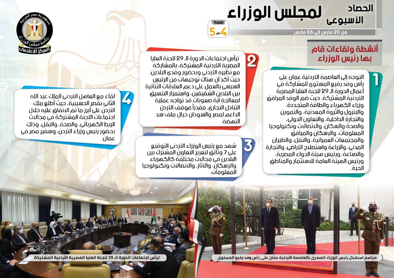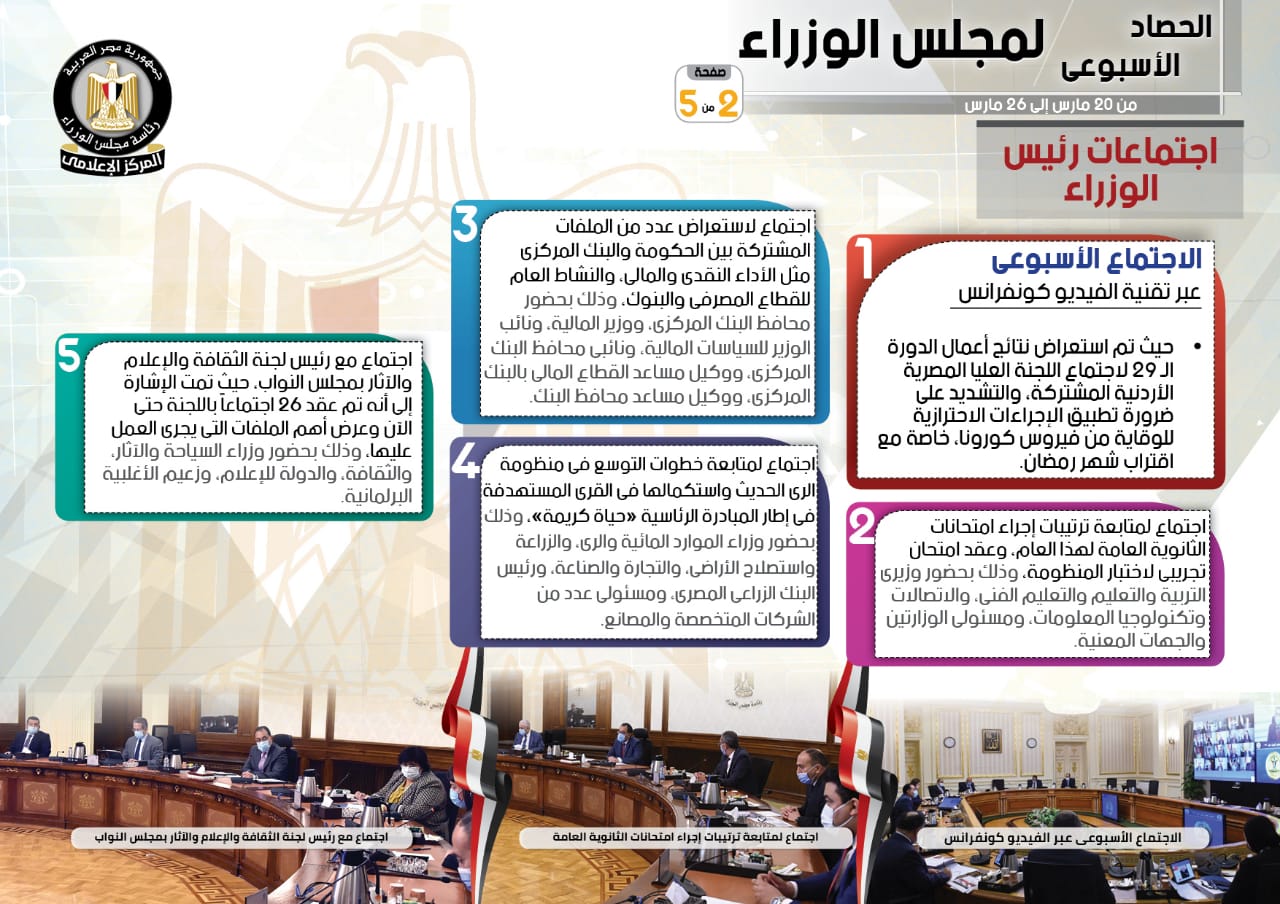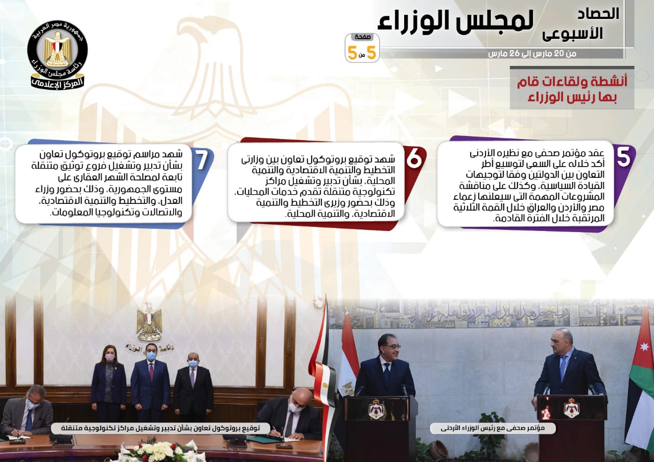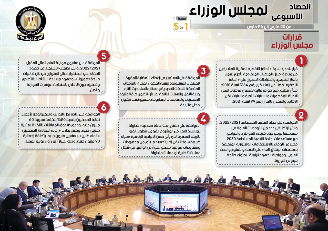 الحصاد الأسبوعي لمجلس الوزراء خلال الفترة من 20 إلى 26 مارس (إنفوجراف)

• • •

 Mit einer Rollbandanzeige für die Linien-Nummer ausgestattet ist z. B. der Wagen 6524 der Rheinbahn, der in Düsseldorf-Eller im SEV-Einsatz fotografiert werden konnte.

• • •

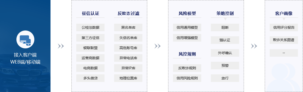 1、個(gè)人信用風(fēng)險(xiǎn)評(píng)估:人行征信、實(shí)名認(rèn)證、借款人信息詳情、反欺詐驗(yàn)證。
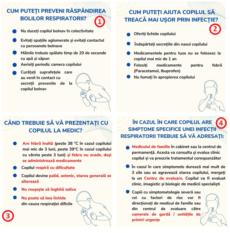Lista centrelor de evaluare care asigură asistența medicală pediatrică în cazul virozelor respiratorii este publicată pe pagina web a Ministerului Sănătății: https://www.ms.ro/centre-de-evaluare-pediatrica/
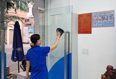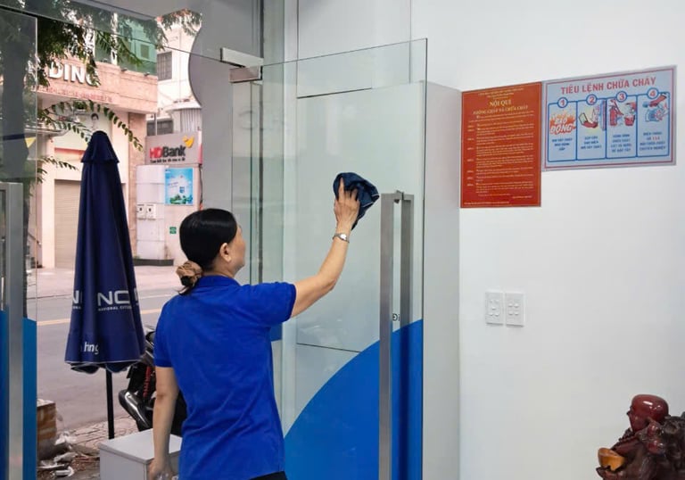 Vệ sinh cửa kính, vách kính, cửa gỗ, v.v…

• • •

> What the task requires: Pictures excluded, transcribe the listing above exactly from the line with "Lista centrelor de" through the line with "Vệ sinh cửa kính, vách kính, cửa gỗ, v.v…", and no further.

> Answer for this exercise:
Lista centrelor de evaluare care asigură asistența medicală pediatrică în cazul virozelor respiratorii este publicată pe pagina web a Ministerului Sănătății: https://www.ms.ro/centre-de-evaluare-pediatrica/
 Vệ sinh cửa kính, vách kính, cửa gỗ, v.v…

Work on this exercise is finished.